The researchers analyzed the detailed vitamin E blood level status in a total of 521 people; 168 people with Alzheimer’s, 166 people with mild cognitive impairment, and 187 cognitively normal people. 

Those with cognitive impairment or Alzheimer’s were almost never in the highest third of vitamin E status in their blood levels, and were typically in the lowest status. For tocotrienols those with cognitive decline were 92 percent less likely to be in the top third in their blood levels; those with Alzheimer’s were 94 percent less likely to be in the top third.

For tocopherols, 85 percent were less likely to be in the top third for both cognitive impairment and Alzheimer’s.

Clearly, better vitamin E in the blood predicts better vitamin E status in the brain and therefore, better protection of the brain from damage that leads to cognitive decline.
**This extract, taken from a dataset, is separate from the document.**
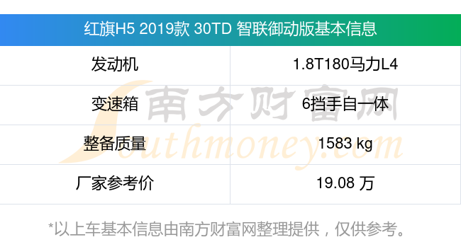 在動力上,紅旗H5 2019款 30TD 智聯(lián)御動版配備的是一臺1.8T180馬力L4渦輪增壓發(fā)動機,匹配的是6擋手自一體自動檔變速箱,燃料形式為汽油,常規(guī)整備質(zhì)量1583kg,廠家參考價19.08萬元。
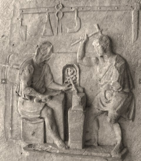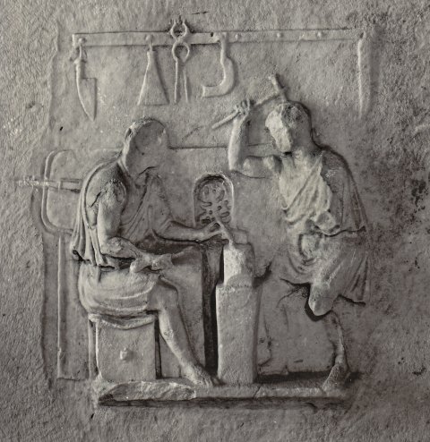 Linke Nebenseite: Werkstatt des Eisenwarenhändlers, links am Amboss sitzender Arbeiter mit Werkzeug in den Händen, rechts stehender mit erhobenem Hammer. Beide in kurzer Tunica mit entblößter Schulter. Im Hintergrund Ofen und Blasebalg, darüber an einer Stange hängende Werkzeuge. Die Reliefs der Nebenseiten sind bis auf eine Standleiste rahmenlos.

Another interesting study has identified two important conclusions for the very first time.  One is that vitamin E is needed for cell membrane repair.  The other is that a lack of vitamin E reduces the ability of cells to repair. While this study was done with muscles, the mechanism of rejuvenation likely applies to your brain as well. 

I have previously reported that at the point at which vitamin E levels in the brain decline, is like the straw that breaks the camel’s back, in terms of Alzheimer’s onset. It thus appears that the forms of vitamin E are not only needed for cellular protection but also for cellular rejuvenation.